NOT FOR RELEASE, PUBLICATION OR DISTRIBUTION, DIRECTLY OR INDIRECTLY IN THE UNITED STATES, CANADA, JAPAN, SOUTH AFRICA OR IN ANY OTHER JURISDICTION IN WHICH SUCH PUBLICATION OR DISTRIBUTION WOULD BE UNLAWFUL. ANY FAILURE TO COMPLY WITH THESE RESTRICTIONS MAY CONSTITUTE A VIOLATION OF APPLICABLE SECURITIES LAWS. PLEASE SEE THE SECTION ENTITLED "IMPORTANT INFORMATION" TOWARDS THE END OF THIS ANNOUNCEMENT.

 

THIS ANNOUNCEMENT CONTAINS INSIDE INFORMATION FOR THE PURPOSES OF REGULATION (EU) 596/2014 AS IT FORMS PART OF DOMESTIC LAW IN THE UNITED KINGDOM BY VIRTUE OF THE EU (WITHDRAWAL) ACT 2018 ("MAR").

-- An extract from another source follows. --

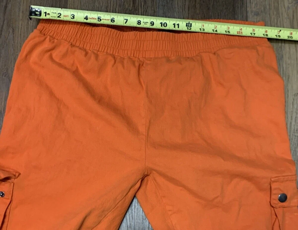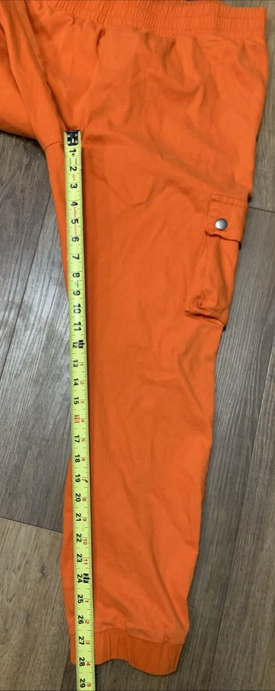 Upgrade your streetwear game with these Roma Studio Premium Collection cargo joggers. The colorful orange design, featuring a solid pattern and tapered leg style, is perfect for any hip hop-inspired outfit. The pull-on closure and elastic waist make them comfortable for casual wear, parties, or travel. Made from a blend of spandex, ramie, and cotton, these pants are easy to care for and machine washable. The mid-rise fit and cargo style add to the overall look. These pants come in a 3XL size with a waist size of 36 inches and an inseam of 28 inches. Get ready to turn heads with these stylish and comfortable pants.

UPON THE PUBLICATION OF THIS ANNOUNCEMENT VIA A REGULATORY INFORMATION SERVICE, THIS INSIDE INFORMATION IS NOW CONSIDERED TO BE IN THE PUBLIC DOMAIN.

 

22 June 2026

Ascent Resources plc

("Ascent" or the "Company")

Private Placement and Loan Conversion

Ascent Resources Plc (LON: AST), the onshore US focused oil and gas company, is pleased to announce that it has raised gross proceeds of £400,000 through a private placement of new ordinary shares in the Company (the "Placing").

Highlights

§ Gross proceeds of £400,000 raised at a price of 0.5 pence per new ordinary share;

§ 200% warrant cover - two (2) warrants attached to each Placing Share, exercisable at 0.5 pence per share for a period of four (4) years from Admission, incorporating a reset mechanism to protect warrant holders in the event of any future equity raise below 0.5 pence per share; and

§ Net proceeds of £387,500 (after placing commission) to be used to develop the Company's strategy and for general working capital purposes.

Placing Details

The Company has raised gross proceeds of £400,000 (before expenses) by way of a private placement of 80,000,000 new ordinary shares of 0.5 pence each in the capital of the Company (the "Placing Shares") at a price of 0.5 pence per Placing Share (the "Placing Price") to a number of new and existing investors (the "Placees").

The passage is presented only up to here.